— Data extract —
**********
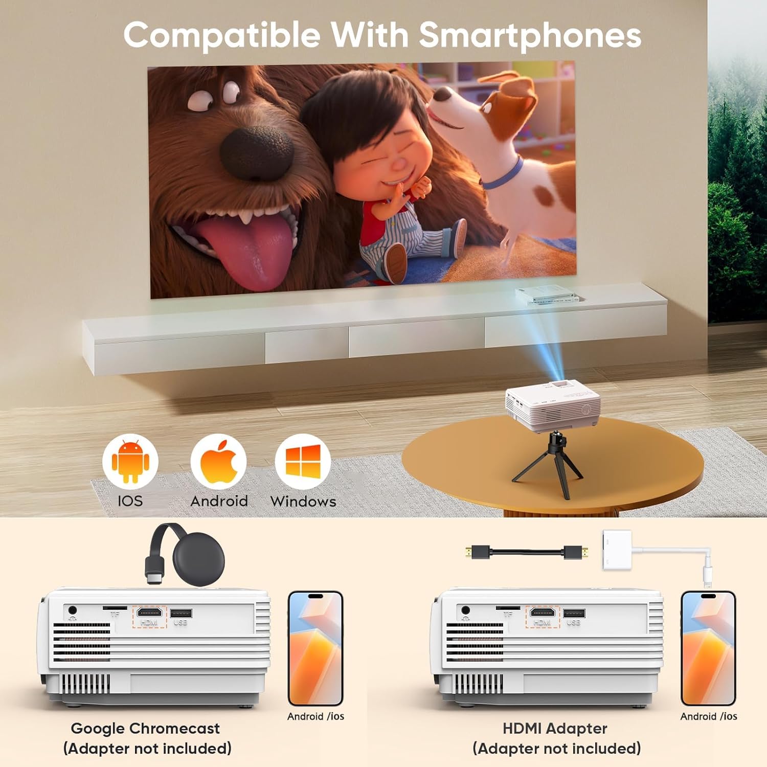 Vidéoprojecteur LCD Full HD 1080P Natif, Luminosité 15000L et Connectivité WiFi 5G/Bluetooth
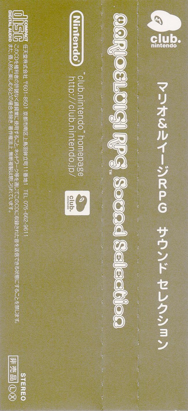Mario & Luigi RPG: Sound Selection is a soundtrack CD that was available only to Club Nintendo members in Japan. It costs 400 points to purchase and contains 33 tracks from the first three games of the Mario & Luigi series: nine from Mario & Luigi: Superstar Saga, six from Mario & Luigi: Partners in Time, and 18 from Mario & Luigi: Bowser's Inside Story.
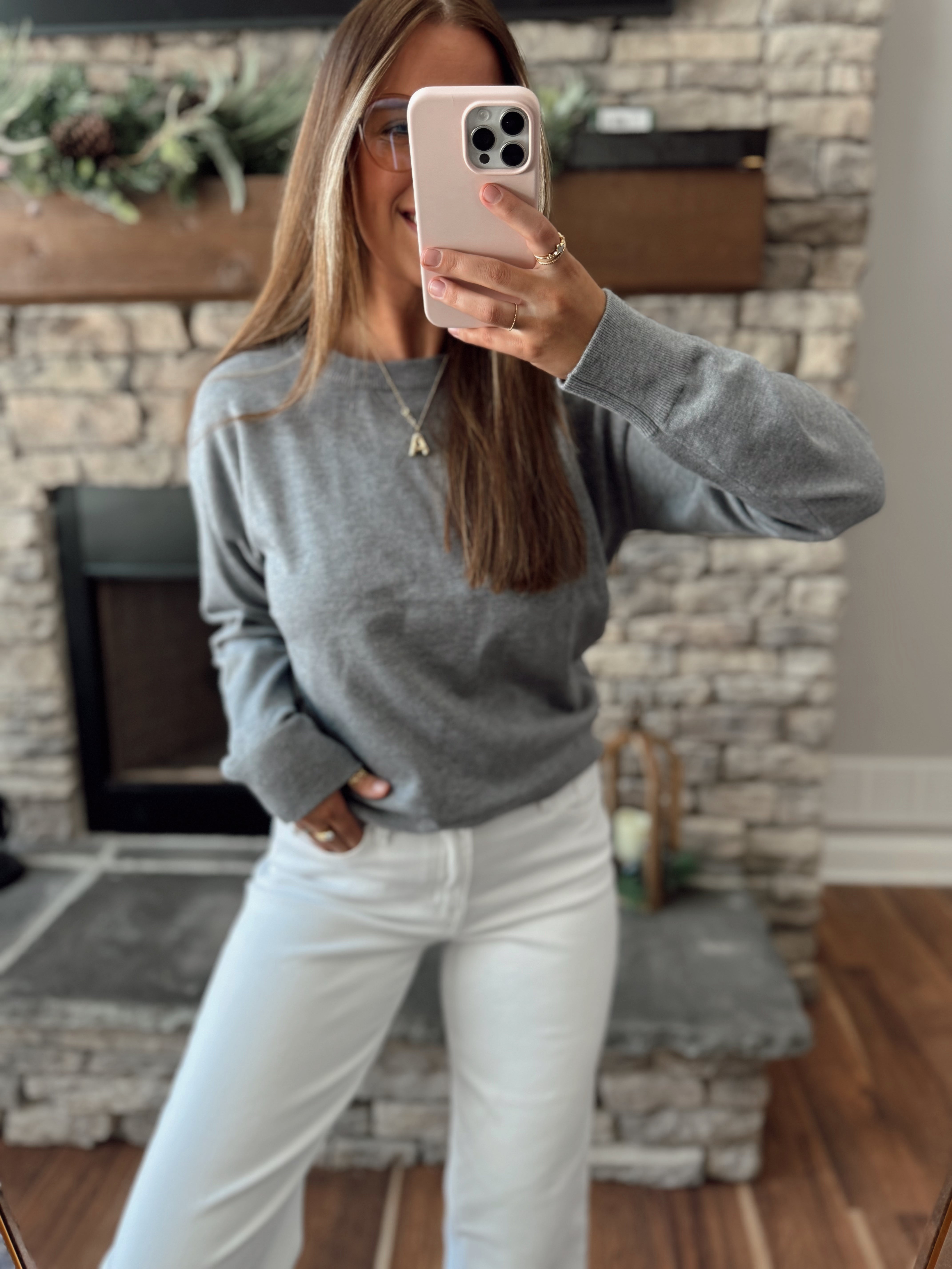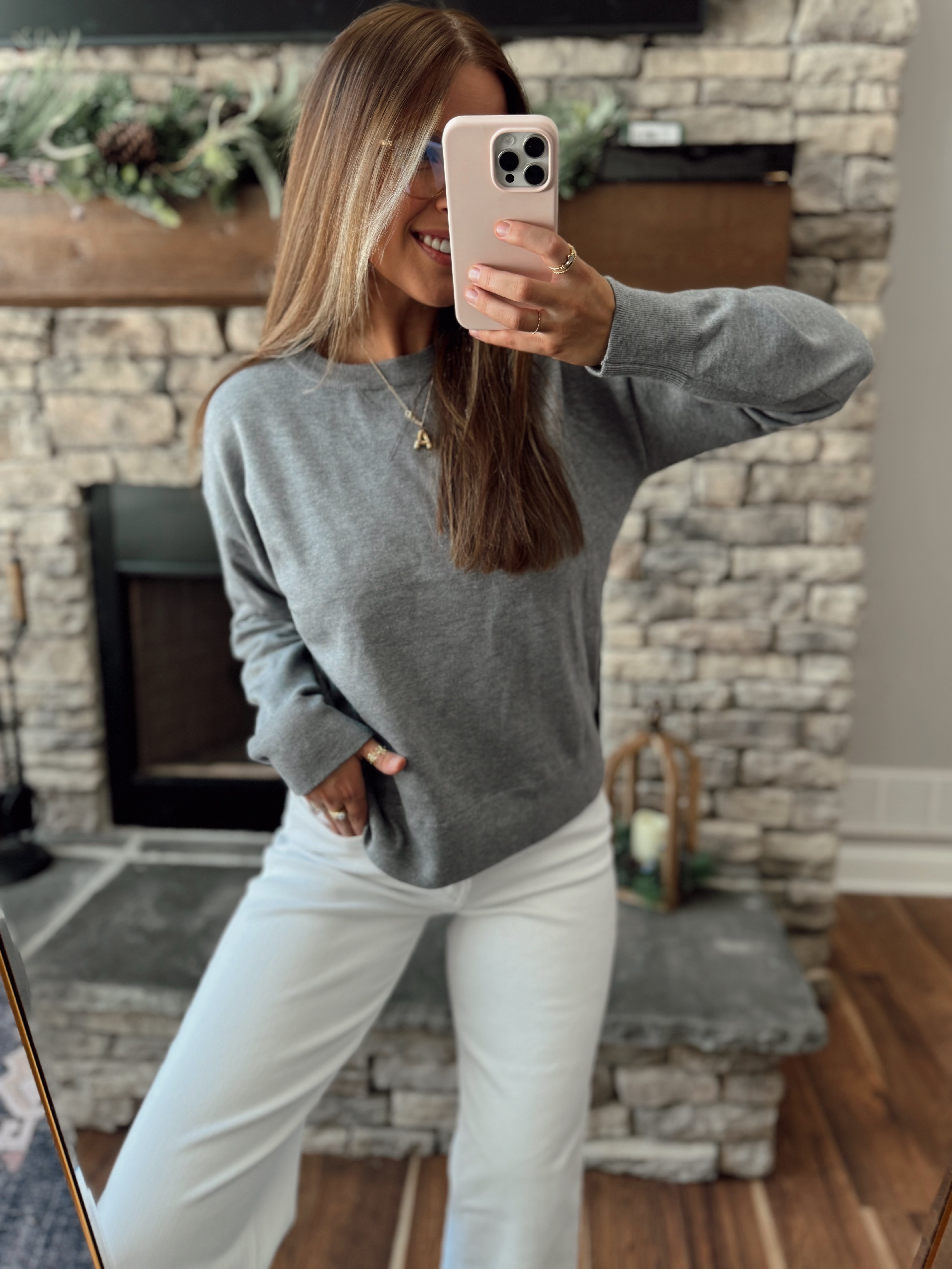 Gray Staple Round Neck Sweater
**********
— Exercise description —
Begin the copy at the line containing "Mario & Luigi RPG: Sound" and end it at the final line of the material above, reproducing each line exactly and omitting pictures.

— Exercise answer —
Mario & Luigi RPG: Sound Selection is a soundtrack CD that was available only to Club Nintendo members in Japan. It costs 400 points to purchase and contains 33 tracks from the first three games of the Mario & Luigi series: nine from Mario & Luigi: Superstar Saga, six from Mario & Luigi: Partners in Time, and 18 from Mario & Luigi: Bowser's Inside Story.
 Gray Staple Round Neck Sweater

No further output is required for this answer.